**EXERCISE INSTRUCTIONS**
The records below are to be repeated exactly, minus any pictures.

Saved data entries:

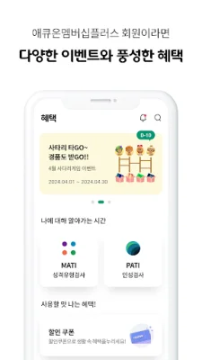 애큐온저축은행은 생활편의서비스 업체와의 제휴를 통해 다양한 할인쿠폰을 제공합니다. 또한 애큐온멤버십플러스회원을 위해 성격유형검사(MATI) 및 인성검사(PATI) 서비스를 제공하고, 할인 상품몰(기프트샵)에서 풍성한 경품이 걸린 이벤트 및 게임, 운세를 무료로 이용할 수 있습니다.
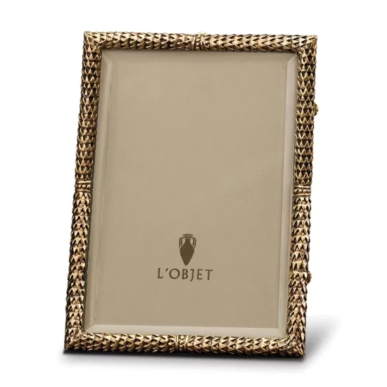 Emulating centuries of fine jewelry design and technique, every L’OBJET frame is meticulously handcrafted with luxurious, opulent details such as 24K gold plating, beveled glass, satin lining and Italian leather backs.
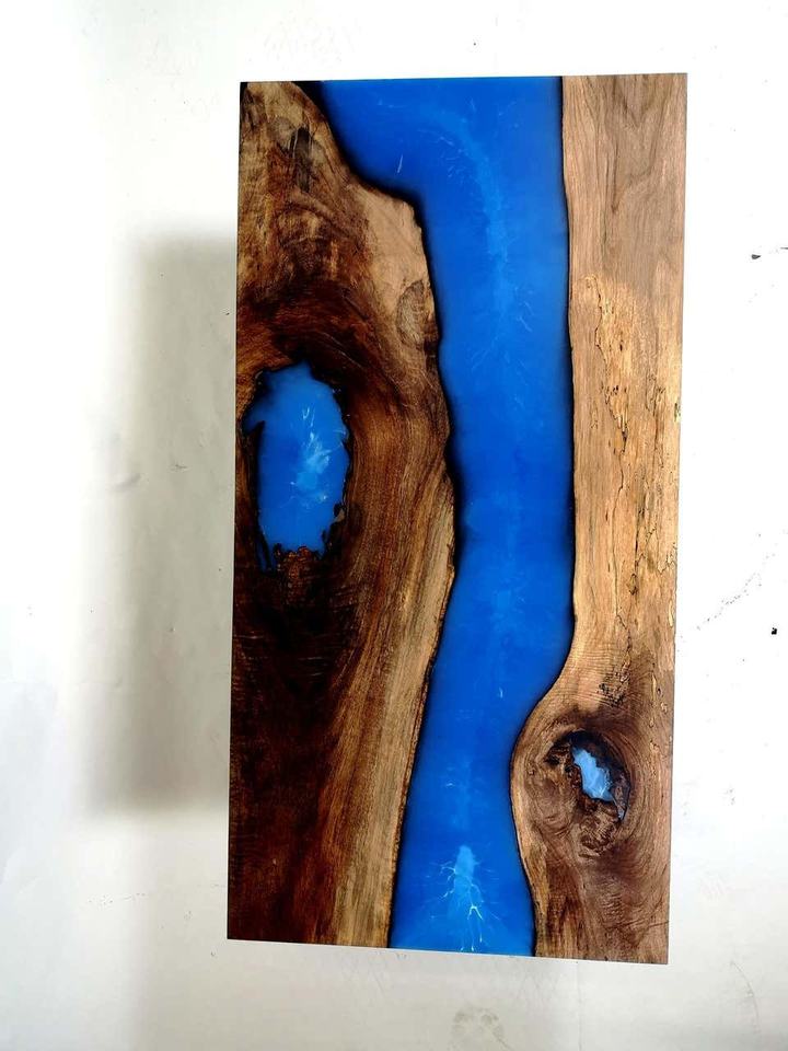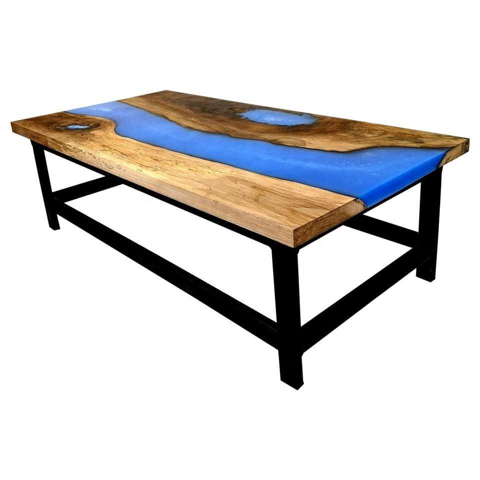 Luxury Furniture Modern Solid Wood Live Edge Coffee Table with Blue Epoxy Resin and Metal Legs
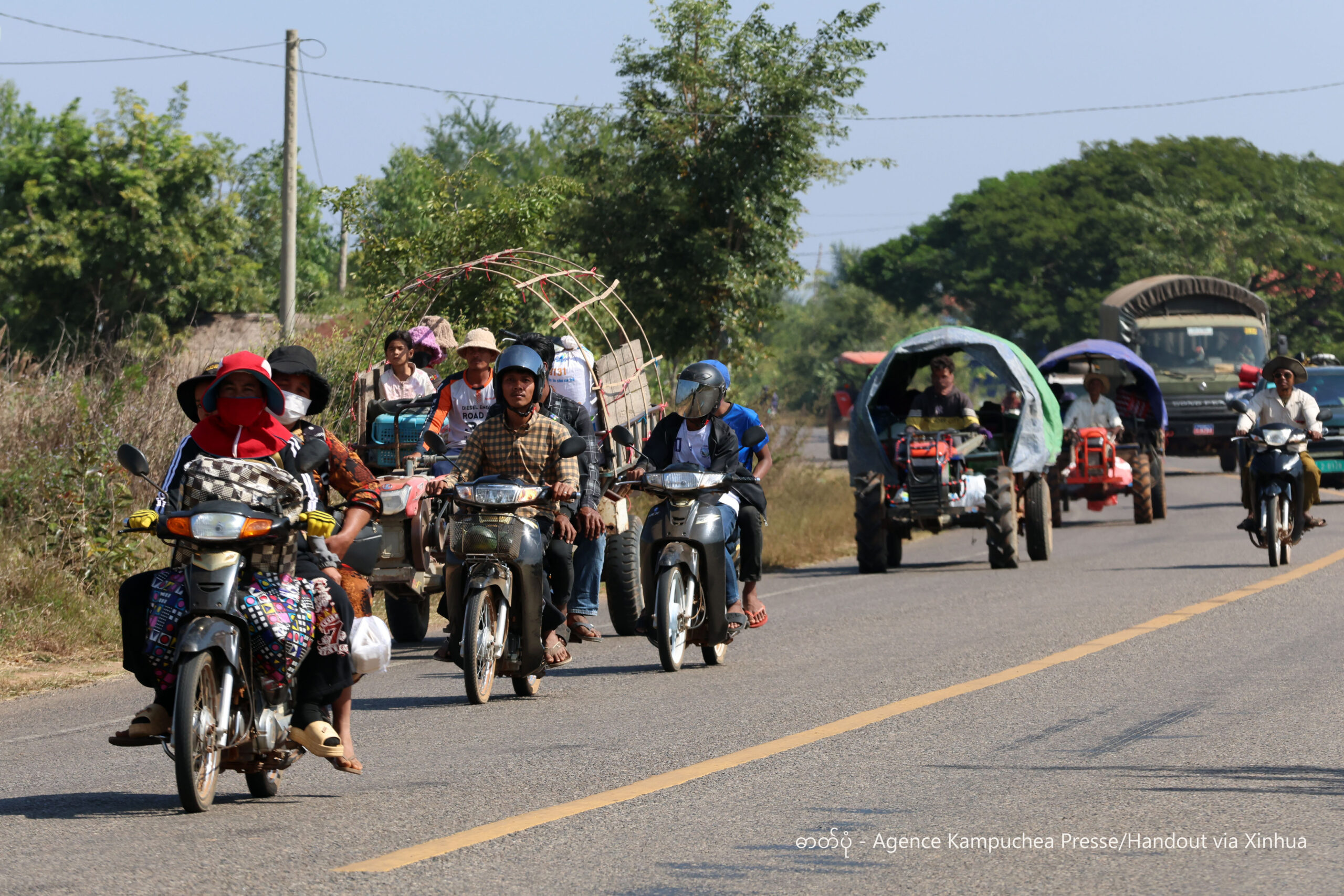 图说1:这是12月9日在柬埔寨暹粒省拍摄的逃离边境的居民。新华社/柬新社
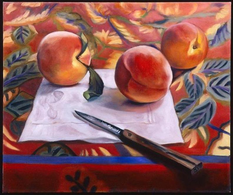 The peach on the left replied, “What are you so worried about? The knife’s pointing at me. And what did you think would happen to us? Do you think we’re posed like this for someone to do a still life oil painting of us?”
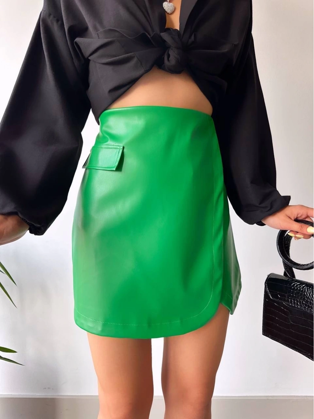 Şıklığı ve rahatlığı bir arada arayan kadınların tercihi olan Cep Detaylı Oval Kapaklı Deri Etek Yeşil, şıklığı seven kadınların gardırobunda mutlaka bulunmalı.
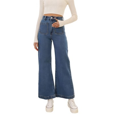 Women's High Waisted Wide Leg Jeans Patch Pocket Denim Pants Wide Leg Casual Trousers
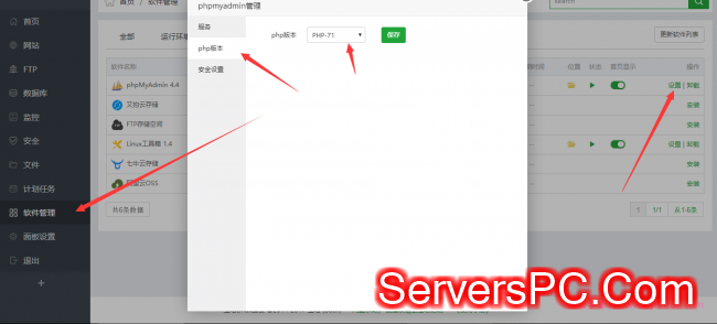 在这里将PHP版本设置一下然后保存即可!注意,PHP版本最好设置7.0及以上版本!

**YOUR RESPONSE**
 애큐온저축은행은 생활편의서비스 업체와의 제휴를 통해 다양한 할인쿠폰을 제공합니다. 또한 애큐온멤버십플러스회원을 위해 성격유형검사(MATI) 및 인성검사(PATI) 서비스를 제공하고, 할인 상품몰(기프트샵)에서 풍성한 경품이 걸린 이벤트 및 게임, 운세를 무료로 이용할 수 있습니다.
 Emulating centuries of fine jewelry design and technique, every L’OBJET frame is meticulously handcrafted with luxurious, opulent details such as 24K gold plating, beveled glass, satin lining and Italian leather backs.
 Luxury Furniture Modern Solid Wood Live Edge Coffee Table with Blue Epoxy Resin and Metal Legs
 图说1:这是12月9日在柬埔寨暹粒省拍摄的逃离边境的居民。新华社/柬新社
 The peach on the left replied, “What are you so worried about? The knife’s pointing at me. And what did you think would happen to us? Do you think we’re posed like this for someone to do a still life oil painting of us?”
 Şıklığı ve rahatlığı bir arada arayan kadınların tercihi olan Cep Detaylı Oval Kapaklı Deri Etek Yeşil, şıklığı seven kadınların gardırobunda mutlaka bulunmalı.
 Women's High Waisted Wide Leg Jeans Patch Pocket Denim Pants Wide Leg Casual Trousers
 在这里将PHP版本设置一下然后保存即可!注意,PHP版本最好设置7.0及以上版本!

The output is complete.